The problem with an interviewer saying, "No that is not the correct answer." is that it actually means, "That is not the answer I have, thus that is not the answer I am looking for, therefore I will tell you that your answer is not correct even though your answer may simply be in a different context."

This is a sad situation.  It's a matter of mis-communication between the interviewer and the interviewee.  It causes good candidates to lose out on potential positions and it causes good employers to lose out on good candidates.

Labeling a candidate as "good" or "answered my questions the way I wanted them answered" is simply not fair.

Did you, the interviewer, attempt to understand the candidates answer by giving them the same question with a different wording?  Was your question specific enough to enable the candidate to answer the way you expect them to?

I find interview questions to be very subject in nature and of course the interviewer will always the be the one that is "right".  Most of the time this is because of mis-communication.

If you are in a position of hiring, please take this into consideration when giving these "tests" to candidates.  Answers are not standardized and the candidates sure don't think like you or know >your< specific answer to the question.

I've seen better days.
Tuesday, July 29, 2003

If you run into an interviewer who tells you "that's not the answer I was looking for" or "that's not the correct answer", and is not willing to listen to why you think it is a valid answer, then why would you want to work for them, anyway? The interview process is a two way street.

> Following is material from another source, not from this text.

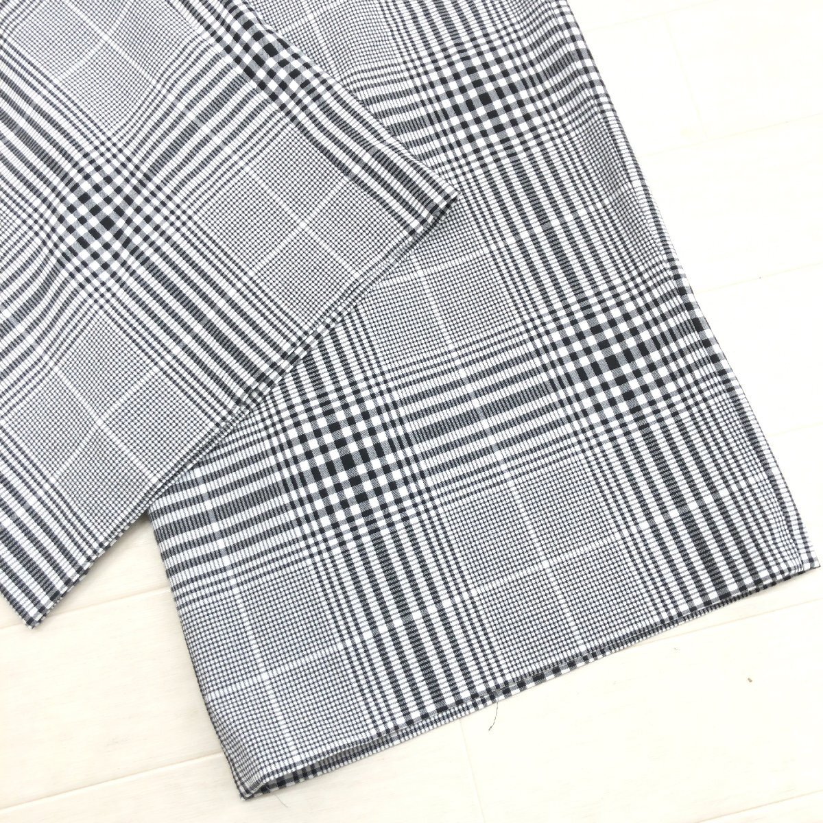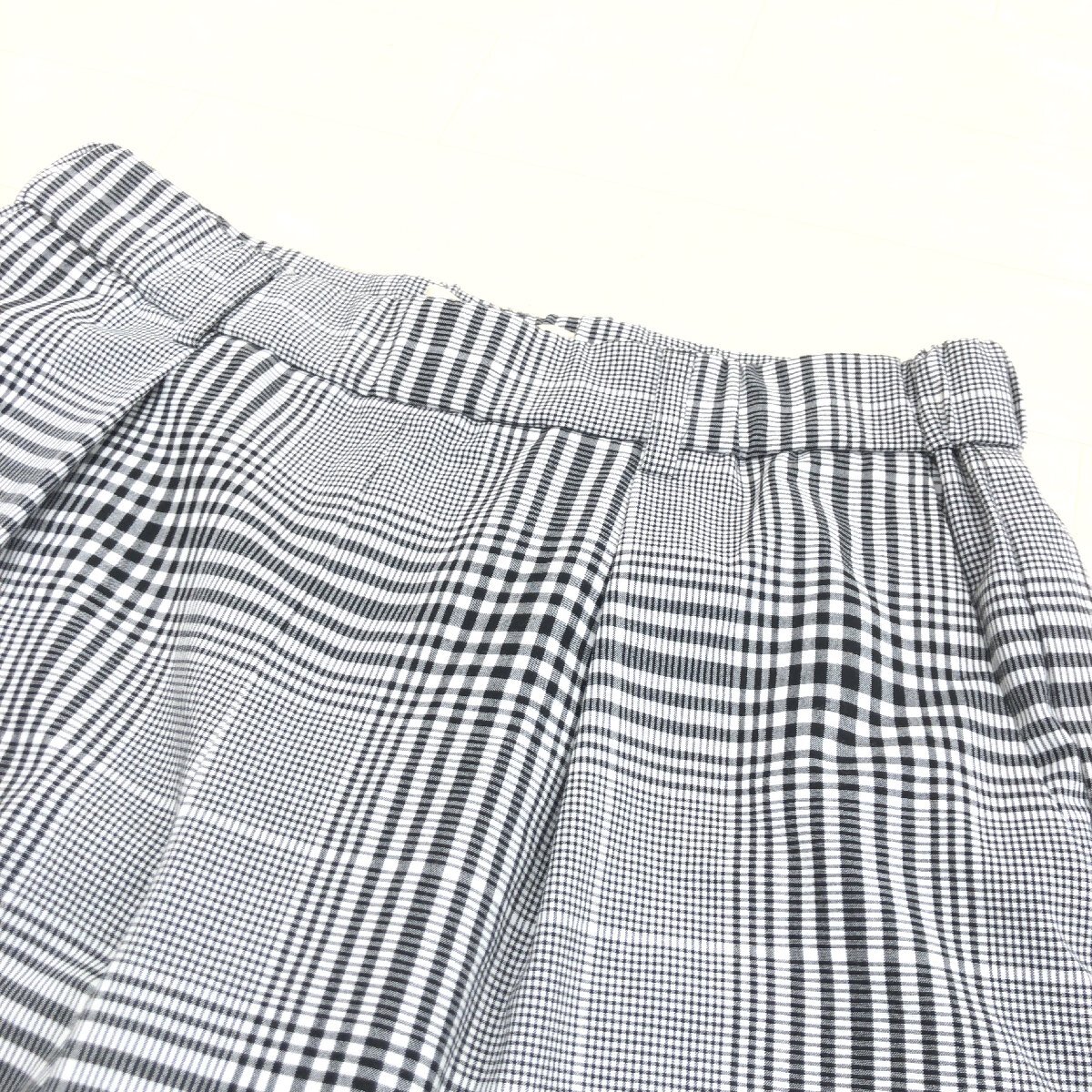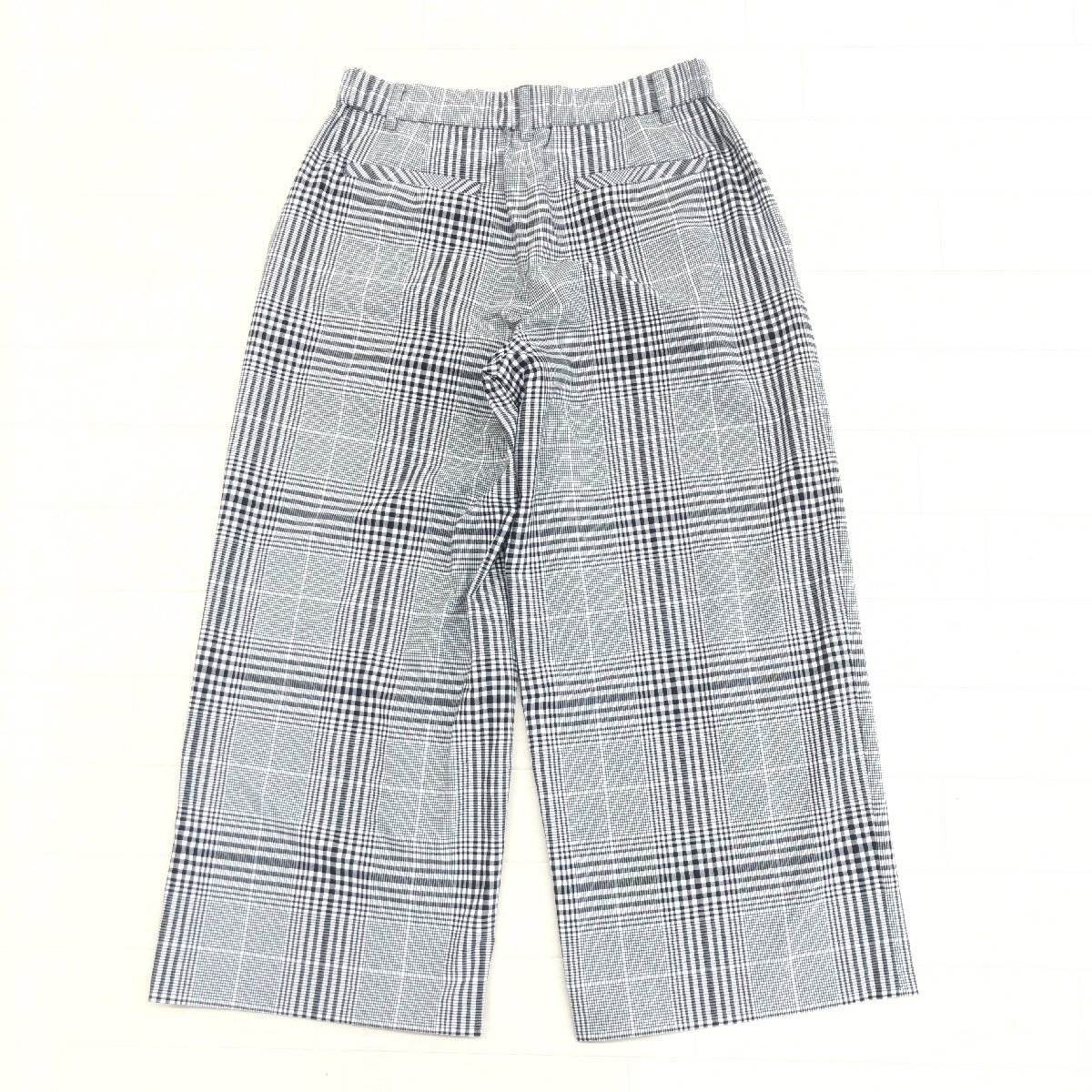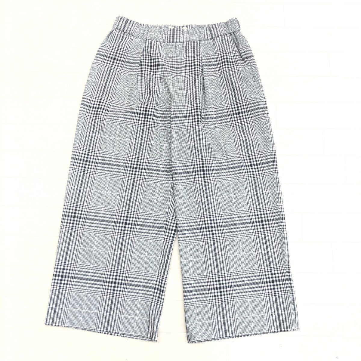 美品 自由区 ジユウク グレンチェック ストレッチ タック ワイドパンツ 38(M) グレー系 イージーパンツ リラックスパンツ レディース

Too many people think it's the company interviewing the prospective employee without realizing that it's also the opportunity for the prospective employee to interview the company.

Tuesday, July 29, 2003

Is this a real problem?  I've never had an interview where I was asked technical questions, then was rejected due to not giving the answer the interviewer expected. 

Tuesday, July 29, 2003

"Is this a real problem?"

Yep, BTDT. Of course, I didn't care that I didn't get the job for exactly the reason stated above.


Tuesday, July 29, 2003

Sometimes when I've been interviewed and gotten silly questions I've answered and then asked the interviewer the same question.  This is an effective technique for deterring more idiot questions, especially if you take the initiative and drill-down a bit.  It's also an effective technique for eliminating yourself as a candidate.  Fun, though.

Tuesday, July 29, 2003

Good people are getting excluded, not because they are incapable, but because the fail to know the secret password, and the people asking only know to look for the answer given.  Sadly, I am seeing more of this and the questions are being asked by people who cannot understand your answer (HR, screeners, etc.).  They were told ask question and here is the answer. 

Real life example:
The last DBA position I applied for, a recruiter called with a series of questions. 
#1- List the five system tables in DB2.
When I attempted to explain there are more than five I was told: "No, they have all five listed right here."  Attempting to explain, I realized was a mistake.  In the end, I believe she marked my answer incorrect as I said more than five exist.  While I may be better off not working there, I wonder who managed the 70% grade and got the position. 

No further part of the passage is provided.